Waterfall enrich HubSpot contacts across Apollo, Clearbit, and PDL using a Claude Code skill

Compatible agents

This skill works with any agent that supports the Claude Code skills standard, including Claude Code, Claude Cowork, OpenAI Codex, and Google Antigravity.

Prerequisites

Claude Code or another AI coding agent installed
HubSpot private app with crm.objects.contacts.read and crm.objects.contacts.write scopes
Apollo.io account with API access (required)
Clearbit account with API access (optional — second provider in the waterfall)
People Data Labs account with API access (optional — third provider in the waterfall)

Environment Variables

# HubSpot private app token with contacts read/write scopes

HUBSPOT_ACCESS_TOKEN=your_value_here

# Apollo.io API key — required, used as the first enrichment provider

APOLLO_API_KEY=your_value_here

# Clearbit API key — optional, used as the second provider

CLEARBIT_API_KEY=your_value_here

# People Data Labs API key — optional, used as the final fallback

PDL_API_KEY=your_value_here

Why a Claude Code skill?

Waterfall enrichment involves complex branching logic across three APIs with different response formats, error codes, and rate limits. An Claude Code skill wraps all of this into a conversation:

"Enrich contacts missing job titles — use all three providers"
"Run the waterfall on contacts created this week"
"Try just Apollo and Clearbit, skip PDL"
"Which contacts needed all three providers to get a complete profile?"
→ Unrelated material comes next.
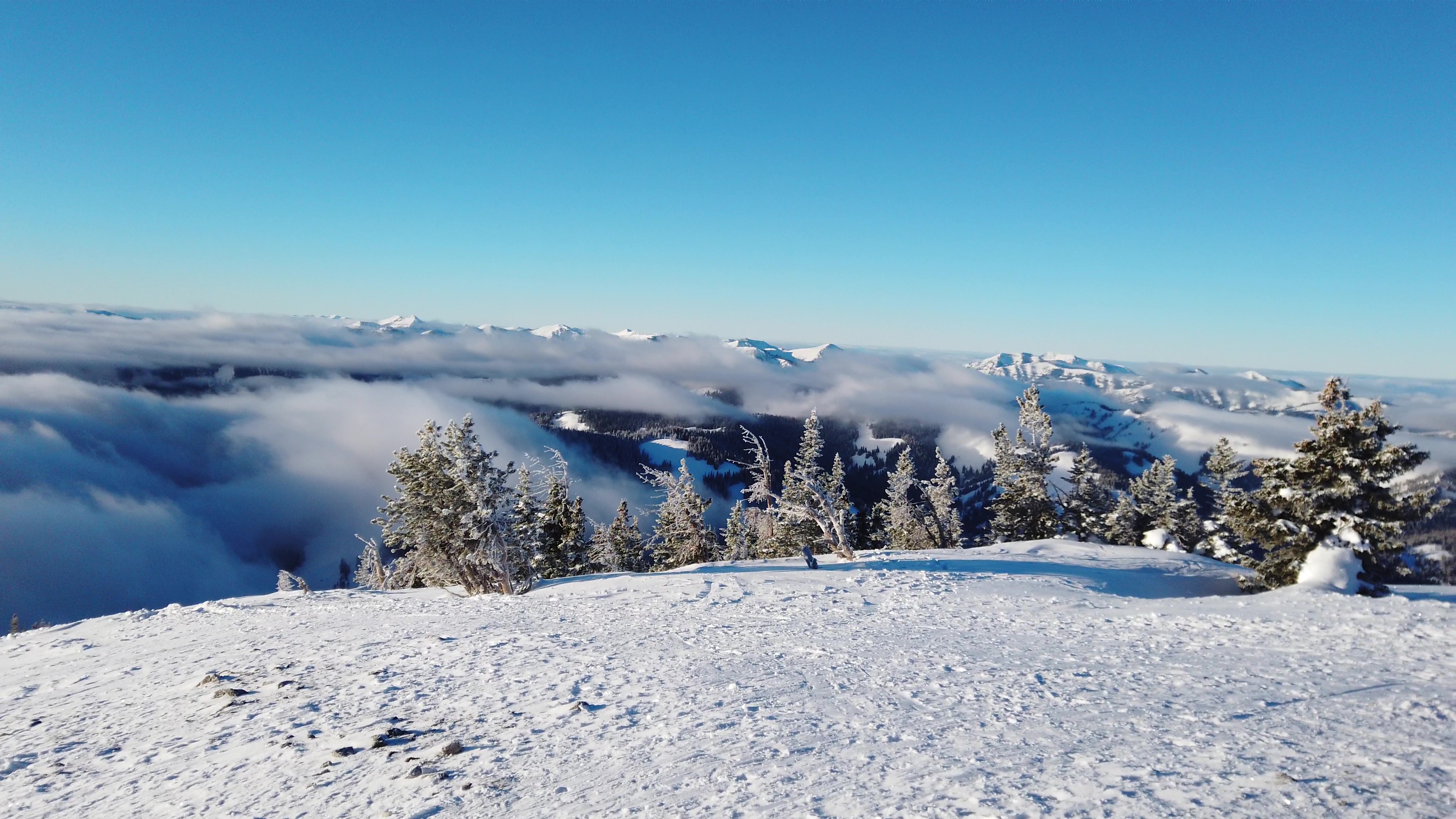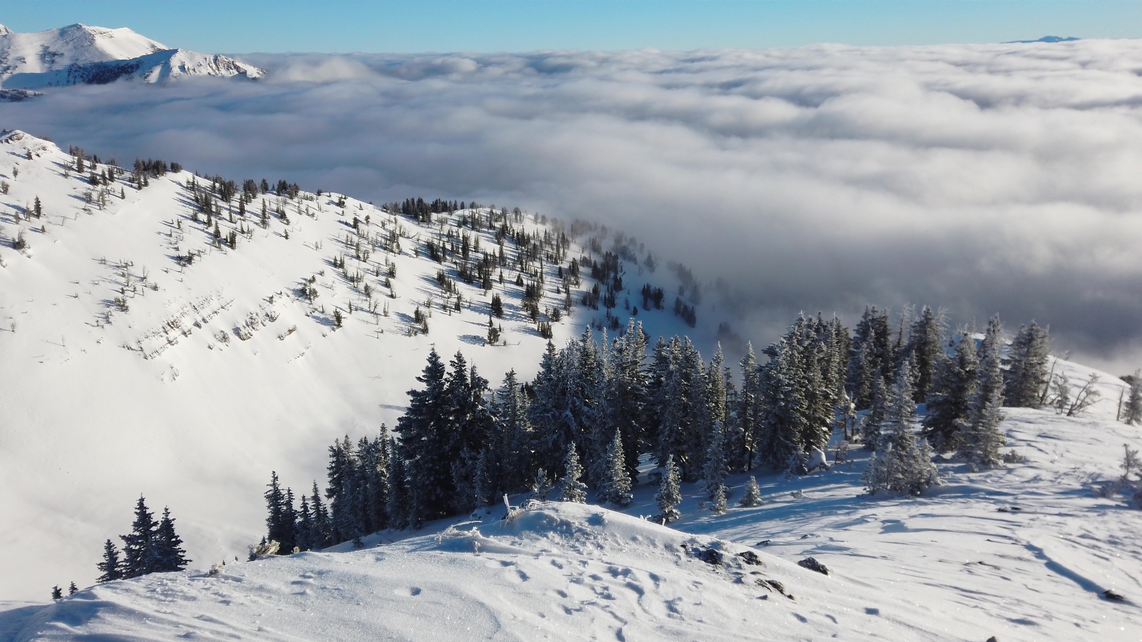 Even the evergreens projected patriarchy: the tallest trees nucleated their sapling broods with paternal solemnity, each molecule of powder glistening in the shaggy green branches. We broke through the forest onto snow-covered Amphitheater Lake, a cirque bounded by the bald, mangled granite of Teewinot to the north and Disappointment Peak to the west. On a snack pitstop, we watched another party of skiers lay down tracks in Spoon Couloir, a steep, enticing chute on Disappointment Peak’s lower haunch. Brendan seemed to sense my desire to get after a big alpine line and suggested we bootpack the Spoon— must have been his newly acquired parental mind-reading superpower. After crossing the lake, we cut a haphazard zig-zag to the top of the Spoon’s apron and transitioned to the bootpack. 500 feet of vertical boot-punching propelled us up the gut and bookended the nearly 5,000 feet of vertical notched from trailhead to objective. From our humble perch on Disappointment’s flank, an electric blue sky slumbered atop a soupy mass of clouds, hallmark of a Teton Valley temperature inversion. Backgrounded by this topsy-turvy atmosphere, I skied down the hard-packed snow of the spoon’s handle into its apron of softer powder.

The agent reads API reference files for each provider, builds the cascade logic, handles provider-specific errors (Clearbit 404s, PDL 402s), and reports which providers filled which fields. You can change the provider order or add new providers in natural language.

How it works

The skill has three parts:

SKILL.md — instructions defining the waterfall workflow and merge rules
references/ — API documentation for Apollo People Match, Clearbit Person Find, PDL Person Enrich, and HubSpot endpoints
templates/ — field mapping rules showing how each provider's response maps to HubSpot properties, plus the "never overwrite" merge logic

When you invoke the skill, the agent reads these files, writes a script that cascades through providers, executes it, and reports which providers contributed to each contact's profile.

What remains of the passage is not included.